Nu die drukte op de weg.. Ruim een derde van de verplaatsingen waaraan de bevolking deel heeft komt voor rekening van de vrijetijdsbesteding en dat is aanzienlijk meer dan het aantal verplaatsingen in het kader van het woon-werkverkeer. Beide soorten verplaatsingen gingen in de loop van de tijd meer uren vergen. Mijn indruk dat het verkeer op zondag later op gang komt, wordt niet door het onderzoek gestaafd. Om ongeveer half negen is bijna 4% van de Nederlanders onderweg en dat is evenveel als vijf jaar geleden. Daarna loopt de curve voor 2005 sneller op dan voor 2000. Om half twee ’s middags was in 2005, 12% van de mensen onderweg tegen slechts 9% in 2000. Daar komt dan nog bij dat de bevolking, en dus het absolute aantal weggebruikers, tussen die twee jaren ook nog toenam. Wel kan de vergelijking zijn vertekend door het feit dat het tijdens de enquêteweek in 2005 mooier weer was dan in 2000.

En die 24-uurseconomie? En het moderne huishouden als duiventil? Is onze tijdsordening niet verregaand geïndividualiseerd? Dat valt nogal mee. We hebben nog steeds met zijn allen deel aan een collectief ritme, waarin slapen, eten, arbeid en vrije tijd hun vaste plaats hebben. Wel is er enige decentralisatie gaande op het punt van het huishoudelijk werk. Een deel van de bevolking doet dat tegenwoordig, meer dan voorheen, in de avonden en weekeinden. Heel aannemelijk, denk ik. Die tweeverdieners hebben daar overdag minder tijd voor. De verruiming van de winkelopeningstijden maakt het ook mogelijk. Mijn supermarkt is nu elke dag van 8 uur ’s ochtends tot 9 uur ’s avonds open, behalve op zondag, maar ook dan kan ik bijna de hele dag terecht. Voordat de openingstijden werden verruimd, in 1996, moest je tussen negen en zes naar de winkel en was je op de zondag veroordeeld tot een ellendig boodschappenloos bestaan.

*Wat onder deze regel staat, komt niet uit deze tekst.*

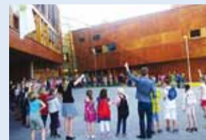
Koolipäev algas ühisringis.

5.–14. juunini toimus Viimsi Koolis suvekool Noored Kooli. Kaheksa päeva jooksul toetasid 14 Noored Kooli 7. lennu õpetajat 117 Viimsi Kooli 1.–8. klassi õpilaste inglise keele, funktsionaalse lugemise või matemaatilise-loomulise mõtlemise arengut.
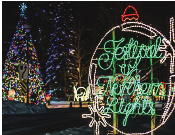
Adapté des informations disponibles sur www.owensound.ca

La Ville exploite deux arénas, de nombreux complexes de soccer et de baseball, et dispose d'un centre de loisirs moderne avec piscines, salles de sport et plus encore.

Ja, en we lezen steeds minder en we zitten steeds meer aan de computer, ook in de vrije tijd. Vooral de jongeren; meer dan een uur per dag waarvan bijna een uur on line, maar dat zijn slechts gemiddelden! Velen zullen daar aanmerkelijk boven zitten en we hoeven er niet aan te twijfelen dat verslaving bij deze groep nogal eens voorkomt. Het televisiekijken is over zijn hoogtepunt heen, maar kost ons toch nog bijna 11 uur per week. De publieke zenders leggen het daarbij af tegen de commerciële zenders, vooral bij jongeren. En de bejaarden? Zij bladeren door hun lege agenda’s en in hun moedeloosheid grijpen zij naar extreme middelen: zij lezen, niet van het scherm, maar uit boeken en kranten! Daar trekken zij dagelijks gemiddeld een uur en vijf minuten voor uit. De 20-34 jarigen volstaan met een kwartier. Gelukkig maar dat De Leunstoel in elektronische en niet in gedrukte vorm verschijnt. Wie de jeugd heeft, heeft de toekomst!


* C van Praag (2006). De Uitvinding van de Tijd. De Leunstoel, 3, 20 (5 oktober).
** Sociaal en Cultureel Planbureau (2006). De Tijd als Spiegel.